Starting with the line that has "ZBOŽÍ (22804) >" in the records below and ending with the line that has "Дневник творческого человека", output those lines exactly and nothing more; omit the pictures.
Recorded data Block Start
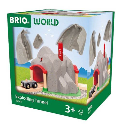 BUM! Vyhoďte horu do povětří a projeďte jejím středem – vybuchujícím tunelem. Velká sada s realistickým kamenným povrchem a skrytým železničním tunelem bude skvělým doplňkem každé sady BRIO World. Do vrtu vložte TNT nálož a sledujte, jak hora exploduje a odhalí tajný tunel. Hračka je vyrobena z robustních plastových a dřevěných dílů a díky průchozí zakřivené dřevěné dráze ji snadno propojíte s ostatními hračkami BRIO World. Vybuchující tunel obsahuje 3 díly: 1× vybuchující tunel s oddělitelnými částmi, 1× TNT nálož a 1× vagon. Rozměry balení: 20 x 18 x 16 cm. Věk: 3+
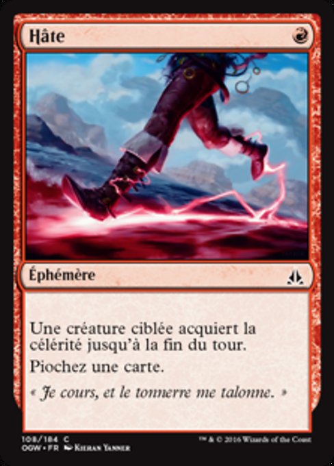 ![]() Variations— Parts— | HâteUne créature ciblée acquiert la célérité jusqu'à la fin du tour. Piochez une carte.
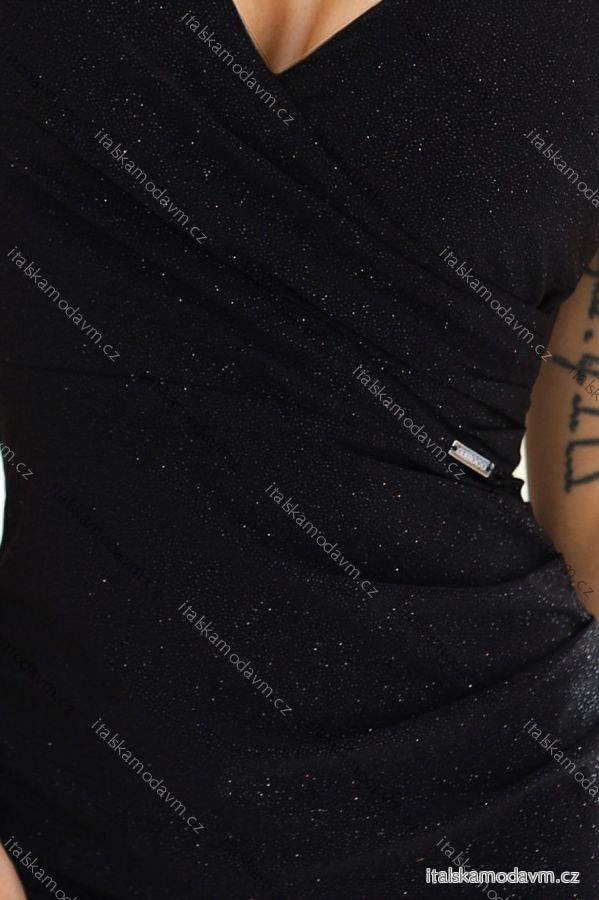 ZBOŽÍ (22804) > Oblečení dámské (18152) > Šaty (9665) > Šaty společenské (2853) > Šaty plesové krátké (798) > 610-1 Oslnivé třpytivé ceruzkové šaty s zavinovacím výstřihem a ramínky – černé
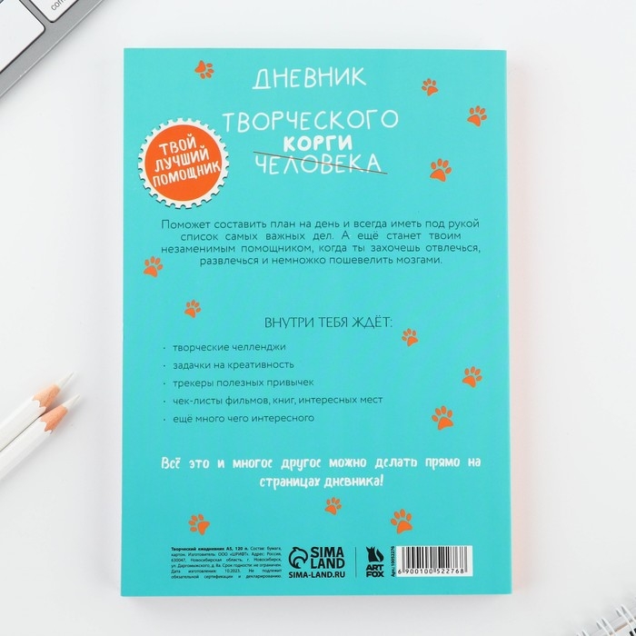 Дневник творческого человека А5, 120 л. «Корги»
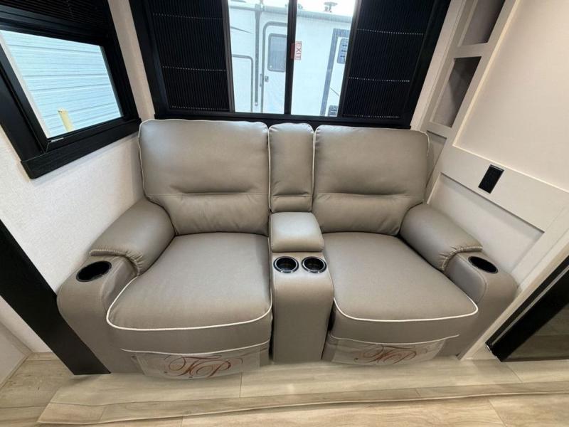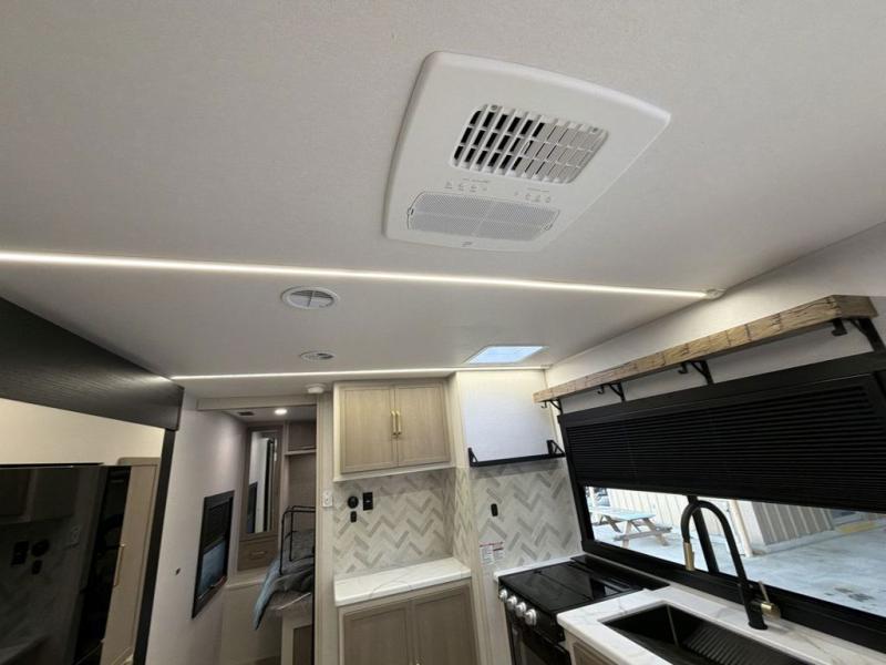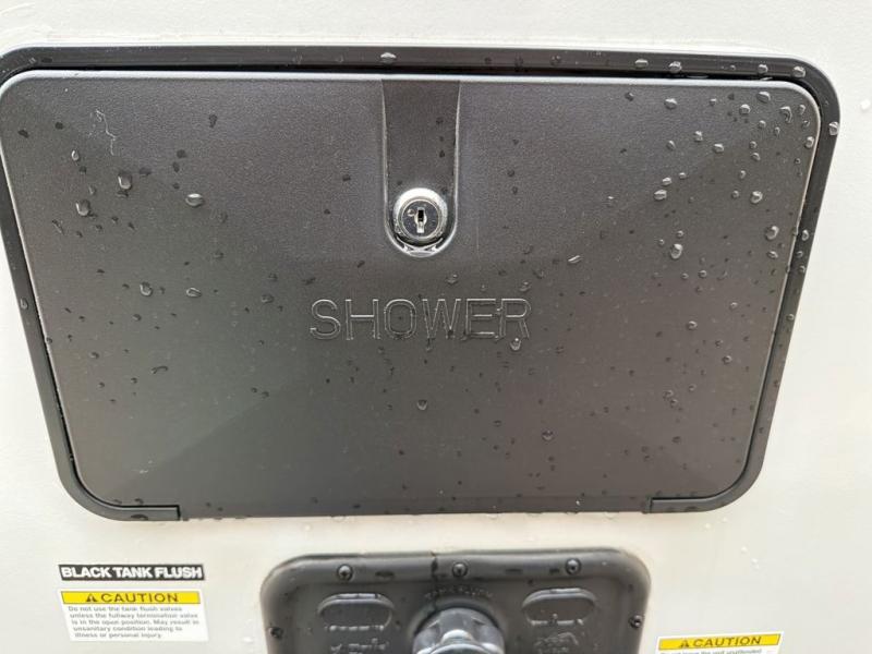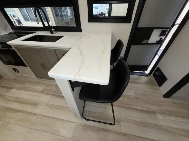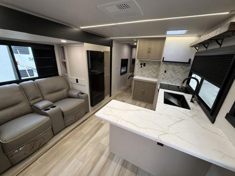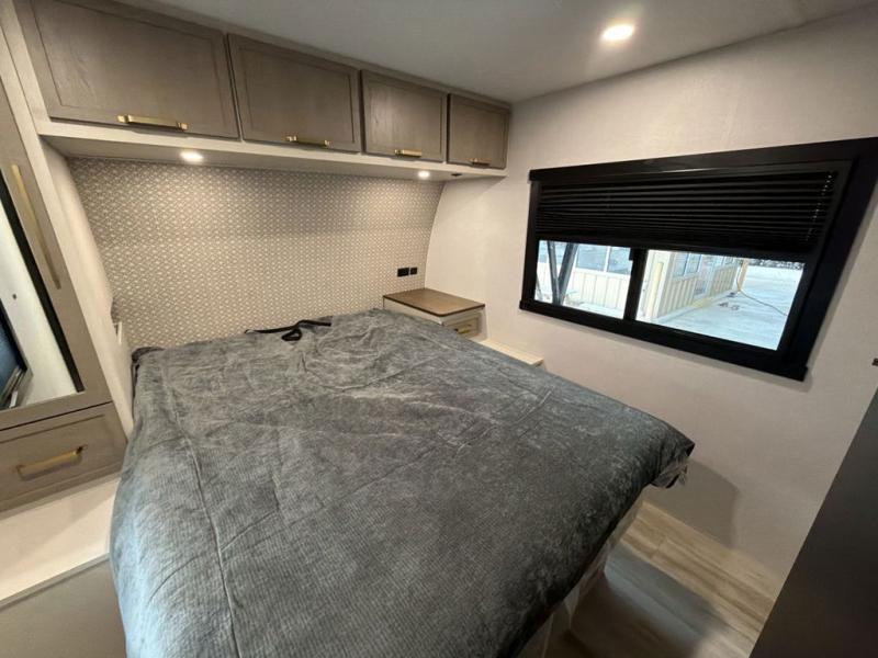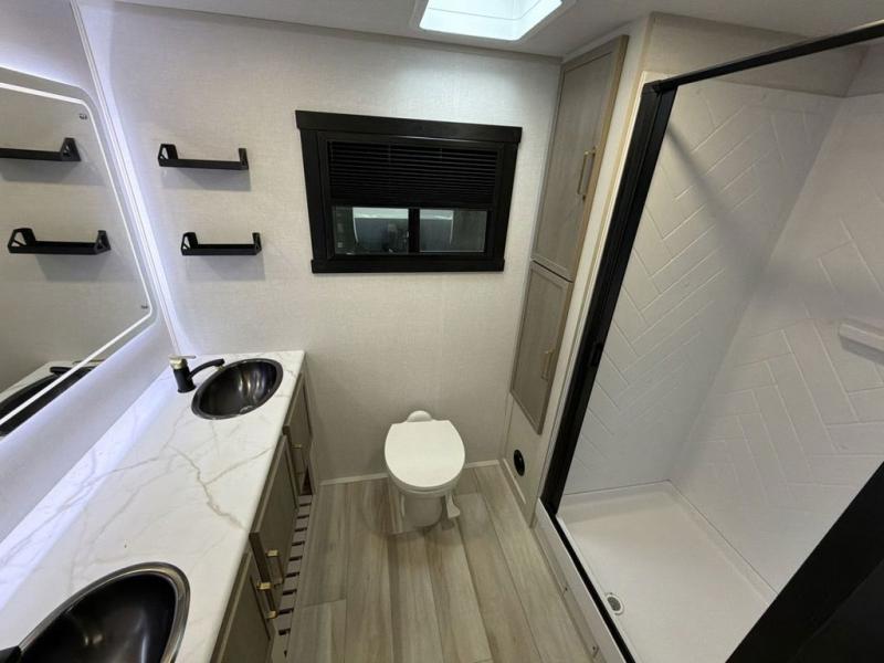 If you like to have travel in complete comfort, this couples trailer offers theater seating so you can relax after a long trip. The kitchen has full amenities including a 12V black refrigerator and a pantry for your goods. The rear bath offers a shower to freshen up, a large dual sink vanity, and everything else you need to stay clean without having to use the public facilities. The front bedroom offers a space saving door, a queen bed and overhead cabinets. You will also find a Texas-sized pass-through compartment outside for the outdoor gear such as camping chairs, charcoal, and such.
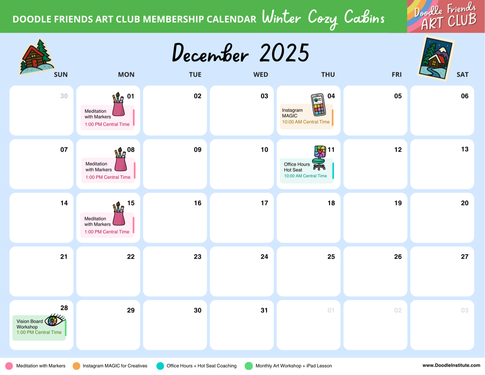 Each month in the Doodle Friends Art Club feels like a fresh wave of creativity, connection, and inspiration. Here’s what you can look forward to this month:
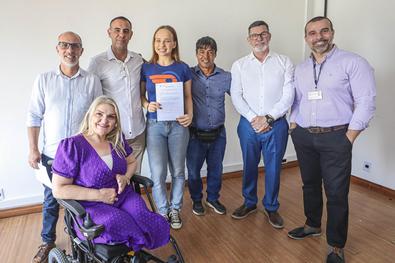 Porto Alegre, RS, Brasil, 12/12/2025: Na tarde desta sexta-feira (12), foi realizado, no auditório do 18º andar do Centro Administrativo Municipal Guilherme Socias Villela (CAM), o ato de assinatura do com os atletas contemplados no programa Bolsa-Atleta Municipal. Foto: Alex Rocha/PMPA
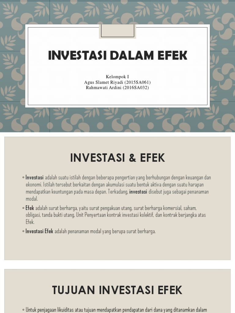 Pemeriksaan surat berharga dan investasi menurut psak no.1 hal.1.10 (iai:2002) : Ia terbukti melakukan transfer uang rp1,6 miliar dan merekayasa dokumen laporan keuangan. Diantara investasi surat berharga tersebut yang paling populer adalah deposito di kalangan masyarakat kita namun yang akan kita bahas lebih mendalam dalam postingan selanjutnya adalah instrumen saham, obligasi dan reksadana.
Recorded data Block End
• **Your response**
 ZBOŽÍ (22804) > Oblečení dámské (18152) > Šaty (9665) > Šaty společenské (2853) > Šaty plesové krátké (798) > 610-1 Oslnivé třpytivé ceruzkové šaty s zavinovacím výstřihem a ramínky – černé
 Дневник творческого человека А5, 120 л. «Корги»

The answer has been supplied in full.